# 2020-08-13

## Graph coloring

In general, k-coloring a graph is NP-complete, so there are no effective
algorithms to do it. Torbens book suggests a recursive heuristic method that
could work alright for our problem. However, our problem is different from the
usual register allocation problem, in that we aren't limited in the number of
"registers" we can use. Instead, our allocations have sizes, and so the overall
goal is both to minimize the *number* of allocations, but also the total
size. We wish to minimize the number of allocations because each allocation
takes time, and we want to minimize the total size because we wish to increase
the chance that the final program fits within shared memory in a GPU
workgroup. By order of prioritization, I think it's *more* important to minimize
the total size, simply because shared memory is so much faster than global
memory, and so every additional program that can fit in shared memory is a win.

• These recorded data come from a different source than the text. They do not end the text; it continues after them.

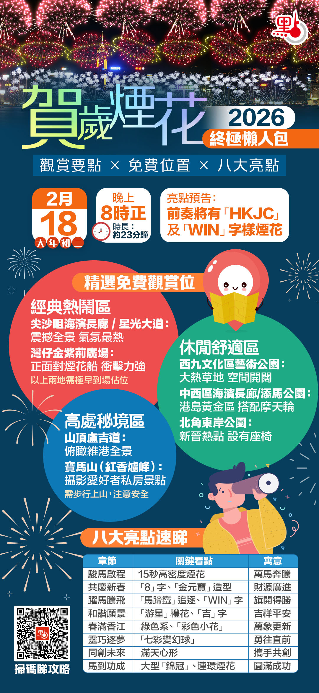 【點新聞報道】賀歲煙花匯演2月18日(農曆大年初二)再度亮相維多利亞港。這場由香港賽馬會獨家贊助的盛事,預計將吸引數十萬市民及旅客聚首維港兩岸,共賞花火照耀香江的動人美景。點新聞為你整合匯演詳情、8大亮點章節,以及11個視野絕佳的免費觀賞位置與交通指南,助你與親友共佔最佳位置,迎接這份震撼人心的新春賀禮!
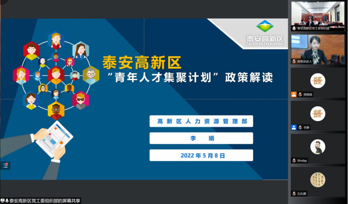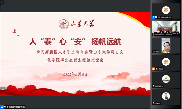 泰安高新区人才引进宣介会暨8040威尼斯历史文化学院毕业生就业经验交流会线上举行。泰安高新区管委会科技副主任、齐鲁工大(省科学院)泰安成果转化中心主任琚伟,泰安高新区党工委组织部副部长、党支部书记李峰,泰安高新区党工委组织部人才办主任李娟,泰安高新区聚智人力资源公司总经理石东震,8040威尼斯历史文化学院党委书记刘军,8040威尼斯人事部副部长朱子川、学生就业创业指导中心副主任王迎春,以及现工作于泰安的刘真、姬朦朦、乔莹、袁波文四位优秀校友出席活动。活动由2021级硕士研究生张馨月主持。活动由泰安高新区人才工作领导小组办公室与8040威尼斯历史文化学院联合举办,历史文化学院党委副书记李功华、张伟及三百余名师生参加。
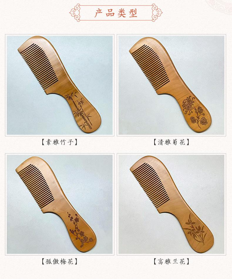Nuevo peine de madera tallado de doble cara para explosión, portátil, con mango redondo, peine de masaje para el cabello, soporta una generación de peines de madera

However, before we think too much about how to minimize the total size of
allocations, let's try to do something stupid that works. The greedy coloring
algorithm looks easy to implement, doesn't handle spilling (which we don't
need), and should be good enough that we can implement the rest of the pass and
optimise programs such as `psum`

.

### Greedy Coloring

So, let's try to implement greedy coloring.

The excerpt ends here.